What is the latency of analog-to-analog feedback? What is the latency when a conditional pulse is the output of a different box?

The SHFQC can provide internal feedback, e.g. for active qubit reset in less than 350 ns. This time is measured as a last-sample-in to first-sample-out, that means, from the time the last sample of a readout signal is acquired on the signal input, to the first sample of a conditional control pulse appearing on the analog signal output. When passing to a different instrument via the PQSC, the latency is 550 ns.

What is the difference between superconducting and spin qubit control?

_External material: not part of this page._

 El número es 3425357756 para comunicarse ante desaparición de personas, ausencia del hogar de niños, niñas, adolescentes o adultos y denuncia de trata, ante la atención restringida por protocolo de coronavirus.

This question is best addressed by looking at the 3 types of signal interfaces separately: microwave control, flux control, and readout. For microwave control lines, there is a large overlap of the corresponding requirements. The control pulses have similar timescales and the used frequencies partially overlap, but spin qubit control sometimes requires higher frequencies, e.g. up to 20 GHz. Flux control signals in superconducting qubits have a close analogy in spin qubits: fast gate voltage signals. Both require unmodulated pulses with well-controlled timing and high vertical resolution. The Zurich Instruments HDAWG is a suitable instrument to generate both fast flux and voltage bias signals. Finally, qubit readout has the largest differences between superconductors and spins. Depending on the readout method, spin qubits often requires fast lock-in measurements at frequencies below 1 GHz, as offered by the UHFLI Lock-in Amplifier. The demodulated signals are processed using threshold detection or gated integration.

Do you allow users to use your platform on the web so that they can test them on a real qubit/s?

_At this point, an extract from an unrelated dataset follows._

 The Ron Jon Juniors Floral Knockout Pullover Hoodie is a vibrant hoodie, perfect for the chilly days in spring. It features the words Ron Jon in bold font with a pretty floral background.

Our instruments are for example used on the quantum computers of Quantum Inspire which is publicly accessible on a high interface level. For a more direct experience of our instruments, the best is to contact us to arrange a demo, or even a test measurement in your lab.

Can I change the threshold for state discrimination as a result of the previous measurement (so in a few hundreds of nanoseconds)?

This specific real-time adjustment is not possible. However, it may be possible to address this use case differently by acting in real time on the drive pulse amplitude or phase.

Why do we have a sigal generator for readout, when we have already send RF pule by the main signal generator?

Qubit spectroscopy is a two-tone measurement, where one tone is used to change the qubit state, and one to measure the state. The two signals are guided to the sample on different signal lines.

Where does the requirement for the complex conjugate come from? (in the formula for weighted integration)

This is a matter of convention in the implementation of the weighted integration. In the SHFQC, the implementation is chosen to be consistent with the definition of a Fourier transform.

Is the Jupyter demo script used in the webinar integrated within LabOne Q or a separate python file repository?

The demo script is a separate file. The file is based on the standard LabOne Q examples, but was modified for the purpose of the webinar, in particular in the section for single-shot readout. The file is available for download on our github repository.

What amplifiers are used in your ADC? In my application I need amplifiers at 8 GHz for the development of a gamma radiation detector.

The amplifiers at the input stage cover a range between -50 dBm to +10 dBm. The inputs offer a particularly low noise in order to faithfully process signals from qubit readout. Please find noise specifications in the user manual (section Signal Inputs).

Do you have floating point support?

There is no general support for real-time floating point arithmetic on the SHFQC, but the AWG sequencer of the Signal Generator channel supports integer arithmetic. Furthermore, certain specialized operations (real-time phase, amplitude, and frequency increments) are supported with floating-point precision.

What is the goal of flux lines?

Flux lines are mostly used to control the interaction between qubits, for example to realize 2-qubit gate operations. Flux lines often allow to tune or modulate the resonance frequency of a sub-circuit such as a qubit, or a tunable coupling circuit. The interaction between qubits is then controlled by bringing circuits into and out of resonance, or by generating sideband transitions.